I’m personally concerned about the preservation of LGBTQ blogs. We have a whole slew who have made to 14, 15, even 17 years of publishing, a critical resource to understand the late 20th and early 21st century. Do you have a plan for your blog content to remain accessible in the future? Yes. There are two universities that have expressed an interest in archiving My Fabulous Disease; most large institutions have an LGBTQ archival program of some sort. I need to get on that, actually. They could do it now. They just electronically mirror your blog and archive its pages, which are then cross referenced for use by students. It’s like leaving my body to science. My body of work, anyway.
Tell me about your dream interview for your blog. Gosh, I don’t know! I’ve found that “famous” people don’t necessarily deliver, with the exception of Larry Kramer, who was a great interview. Otherwise, the everyday people doing extraordinary things get me every time. (Note – this essay is particular hilarious about Larry Kramer.)
Tell me whom you secretly wish read your blog regularly. Elton John. His husband David reads it, and he swears he has read things to Elton over the breakfast table. I don’t dare wish for more.
What is your most popular blog post ever? “Your Mother Liked it Bareback” definitely broke records for a while, but the most consistent pages that keep getting read are “My Sad and Trivial Night with Rock Hudson.” Star fucking is a big draw, but it hurts that younger people don’t know who he was!
The fact we’re having murder and hatred in the midst of this pandemic is too much to bear, and yet here we are.
Beyond the awards, how can LGBTQ orgs, businesses, foundations, and the larger community support bloggers? Quote us. If they can’t become an advertiser, then at least quote us, share links to posts they liked.
I’d like to see the blog winner receive a brand new laptop and tablet courtesy of some tech firm or another and a year’s web hosting/domain registry covered. Or a sash and tiara! Oh lord, please.

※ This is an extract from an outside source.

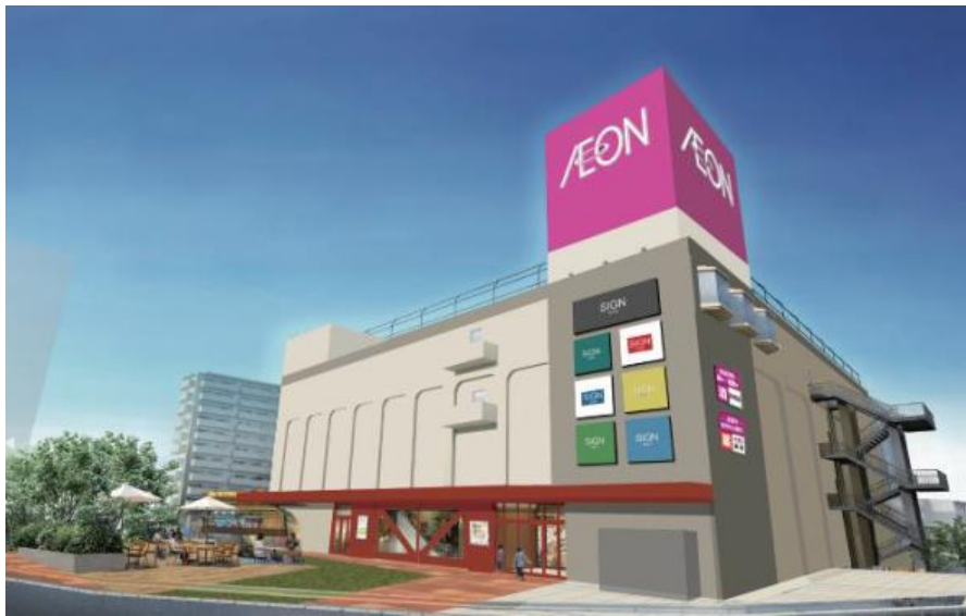
イオンスタイル鴨居 外観イメージ

イオンリテールは、5月28日（木）に「イオンスタイル鴨居」（横浜市緑区）を、6月4日（木）に「イオン海老名駅前店」（神奈川県海老名市）をオープンします。

Where can readers find you on social media? My home base is MyFabulousDisease.com, but my Twitter is @myfabdisease and my Instagram (mark.s.king) has lots of great cat pictures. LOL
Thanks for answering this quick Q&A with Mx. OUTstanding Blog 2019. Are you kidding? Thank you for asking, and for being the biggest champion for queer bloggers that we have!
Congratulations to Mark and all the other honorees!